Oil-water contacts don’t exist

The oil industry prides itself on being data-driven, yet one of its most widely used concepts, the oil-water contact, cannot be numerically quantified. Aberdeen-based petrophysicist Steve Cuddy argues that the industry should favour the only measurable contact, the free water level

Steve’s argument goes back to a challenge set by the London Petrophysical Society. They invited petrophysicists to derive a function describing how water saturation varies with depth. Most responses followed the traditional route, searching for increasingly complex saturation vs. height relationships. Steve took a different approach; he focused on bulk vol­ume of water (BVW), a quantity tied directly to measure­ment. His solution matched the data, and he therefore won the competition.

Logging tools and core analysis measure volumes; they quantify pore space and how much of that space contains water. Water saturation is calculated afterwards by dividing water volume by porosity. It is a ratio of two measurements, a percentage of a percentage, and there­fore an interpretation rather than a direct observation, according to Steve. Resistivity tools respond primarily to the amount and connectivity of conductive water, they effectively indicate BVW rather than saturation.

The log from the LPS challenge. It demonstrates how the interpretation of water saturation places the OWC higher than the pressure-derived FWL. The OWC is placed at the depth where water saturation shifts to roughly 100%. However, between the OWC and FWL the formation is tight and neither mobile oil nor water are present. The FWL is the true depth where the mobile fluid phase shifts from oil to water, which is determined by taking pressure points and deriving pressure gradients.

Steve’s theory centres on the free water level (FWL), the depth at which the oil and water pressure gradients intersect. It is a physically meaningful boundary, cor­responding to zero capillary pressure, identifiable from pressure data, and often visible as a flattening of resis­tivity in the water leg. Above this level, oil is the mobile phase while water is held in the rock by capillary forces. The amount of water decreases continuously with height as buoyancy pressure increases.

The oil-water contact (OWC) is often defined as the depth at which oil first visibly enters the pore system. It is an interpretation of the log data, not defined by pressure data. Intervals above the contact can still show 100 % water saturation if the rock is too tight to hold any oil. Nothing physically happens at the depth of the OWC; it is better described as an “oil down to” depth, an inter­pretation rather than a measurable feature. If fluids are allowed to equilibrate in an open hole, oil sits on water at the FWL, not at the OWC.

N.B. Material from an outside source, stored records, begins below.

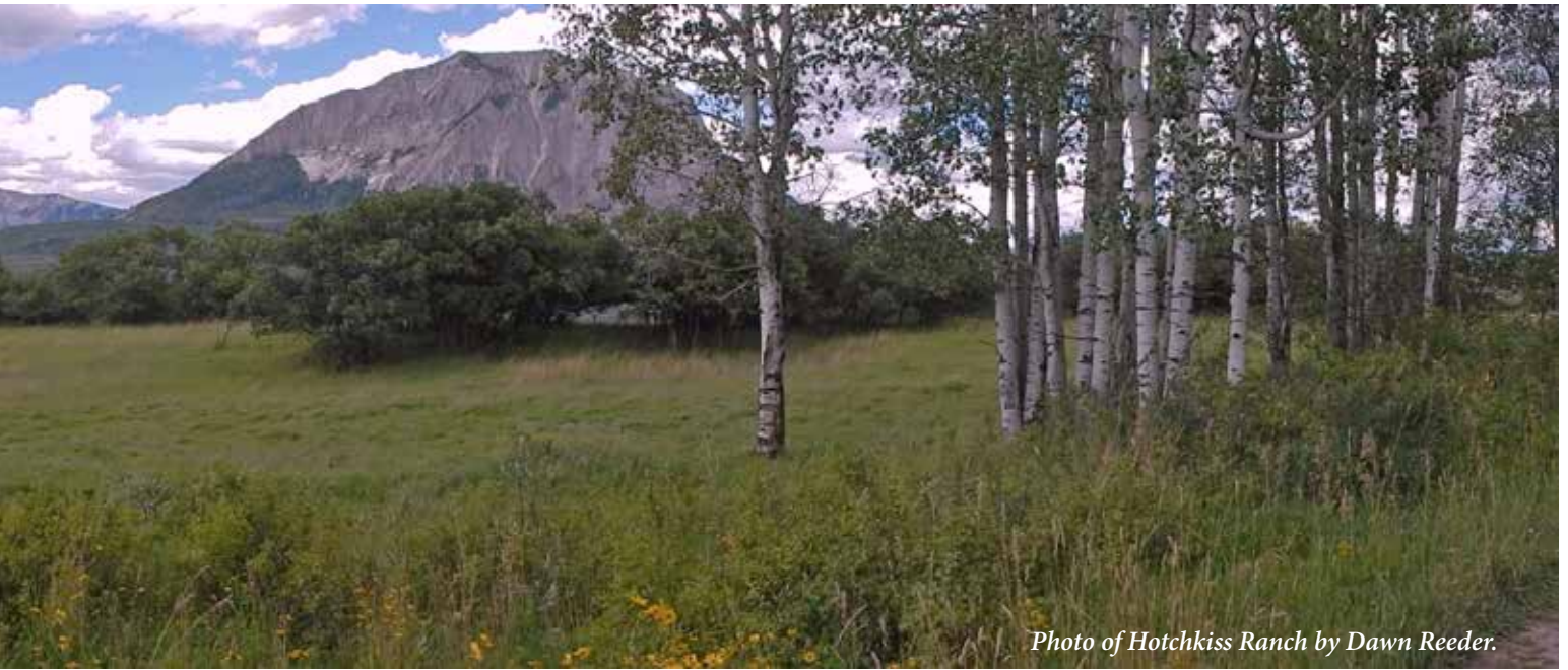
Photo of Hotchkiss Ranch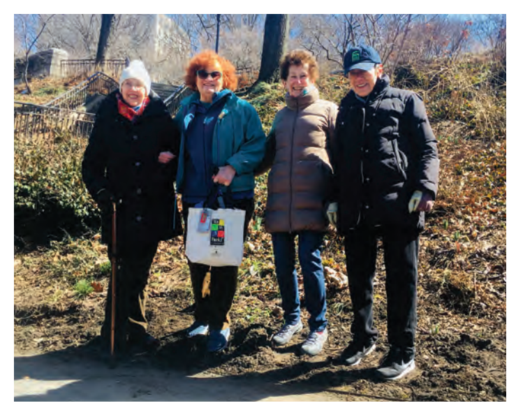
Some of the "Underpass Ladies" have been maintaining the once-neglected slopes near 91st Street since the 1980s.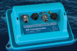
XB-8000 smartAIS TRANSPONDER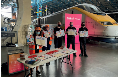
Image: Backtrack promotion at York Railway Museum.

Win a GoPro Bundle at backtrackcompetition.co.uk this year there are 7-11,12-17 and 18+ categories to submit anti-trespass messages through songs/raps, films, storyboards/ scripts. Enter by 11.59pm on 30 September 2021 entry details HERE!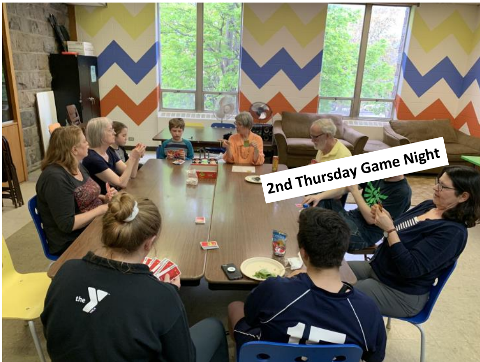
2nd Thursday Game Night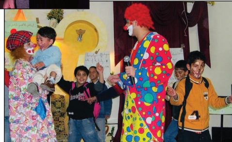
Al-Quds Charitable Society organises classes and activities for children.

The people of Shu'fat need your support and solidarity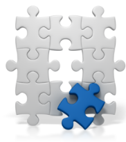
Other expansion options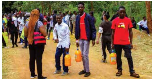
Catholic Action students during a hike

MUTCA members have also impacted the community around Murang'a. On 26 February 2023, they visited Sagana Home of the Aged and carried out activities such as feeding the animals, cleaning the compound, cooking and eating a meal with the residents, and work-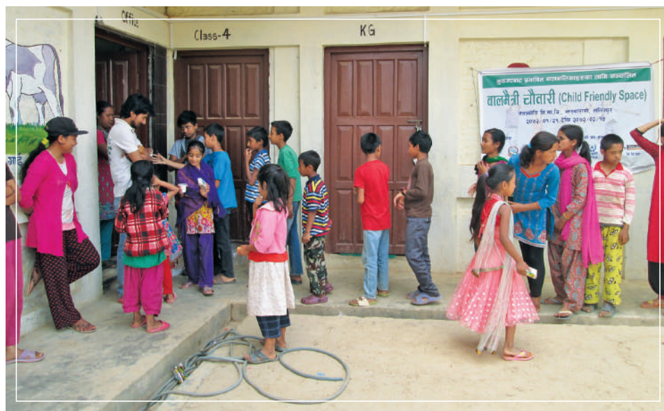
Child Friendly Space at Nawajyoti School for trauma healing of children after the mega earthquake 2015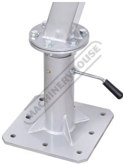
Swivel Base Greaseable with Locking Handle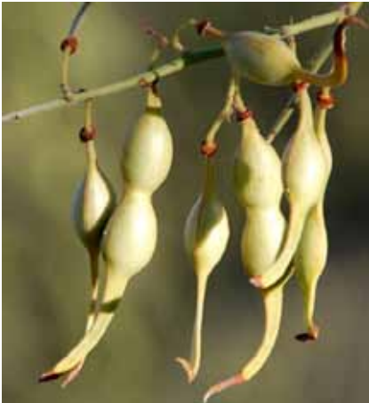
Foothills palo verde seed pods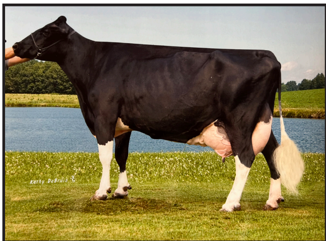
4th Dam of Lots 1 & 2 Miley Durham SW Gava EX-91 2E DOM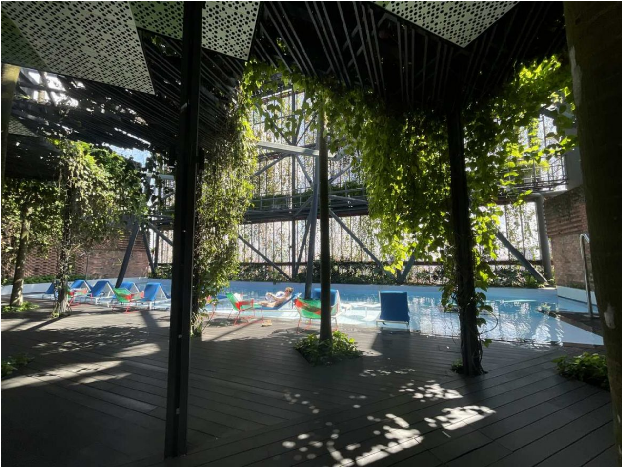
Roof top pool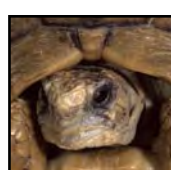
Egyptian tortoise Testudo kleinmanni S.E. Mediterranean (Mediterranean Basin Hotspot)

This list of the world's top 25 most endangered tortoises and freshwater turtles was compiled by the Turtle Conservation Fund (TCF)—a partnership of the Turtle Conservation Fund (TCF)—a partnership of the Center for Applied Biodiversity Science (CABS) at Conservation International (CI), The World Conservation Union Species Survival Commission's (IUCN/SSC) Tortoise and Freshwater Turtle Specialist Group (TFTSG), and IUCN/SSC Turtle Survival Alliance (TSA).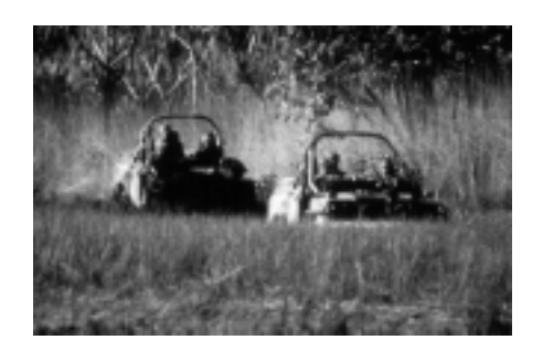
Figure 2.5 NORFORCE deployment by land and sea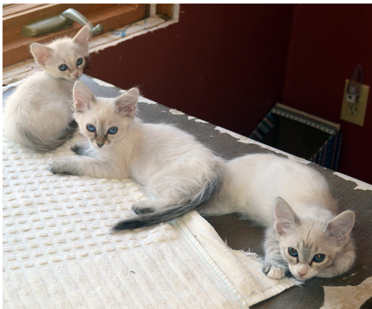
Opal, Pearl and Diamond

Things don't always work out the way we want them to. But this time we were able to make a tangible difference in both the cats' and owner's lives. That feels good. But we still have all these cats to deal with. . .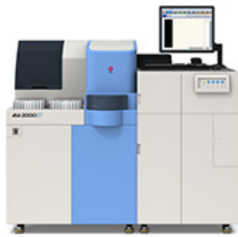
AIA ® -2000

Endocrine 68, 251-252 https://doi.org/10.1007/s12020-020-02325-1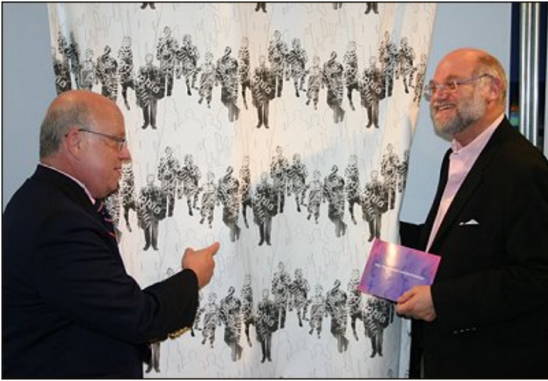
DesignPhiladelphia Kicks Off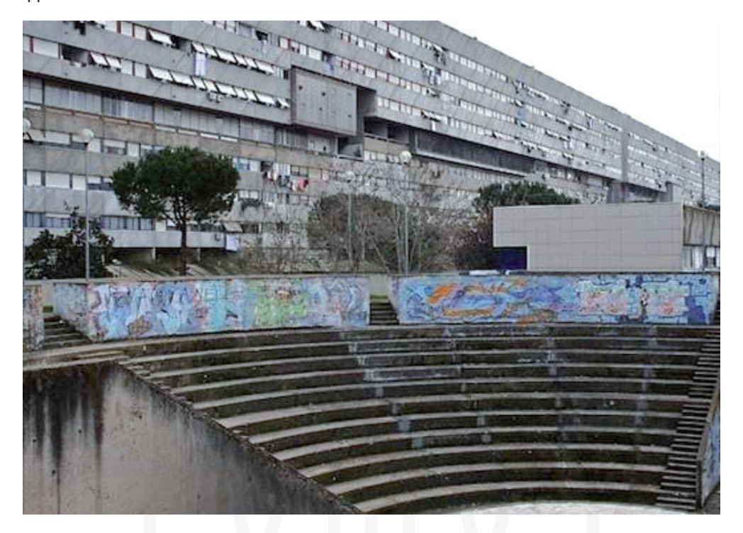
Ill. 7. Rome (Italy), 'Corviale' social housing complex (1970)

On the other hand, social housing neighbourhoods (usually located in – popular – suburbs and created as arrogant 'architectural experiments') are characterised by: low quality constructions; frequent scarcity of public services; difficulty of access to and shortage of public transport.

From this perspective, reservoir modelling becomes much simpler. Instead of relying on the false concepts of transition zones or irreducible water, fluid distribu­tion can be described using BVW as a function of height above the FWL. Once that relationship is defined, BVW can be estimated throughout the reservoir, and oil in place follows directly as porosity minus BVW.

Steve’s idea is controversial because it challenges long-standing industry practice. But the question it rais­es is straightforward: Should reservoir models be built on evidence, or on what has long been assumed?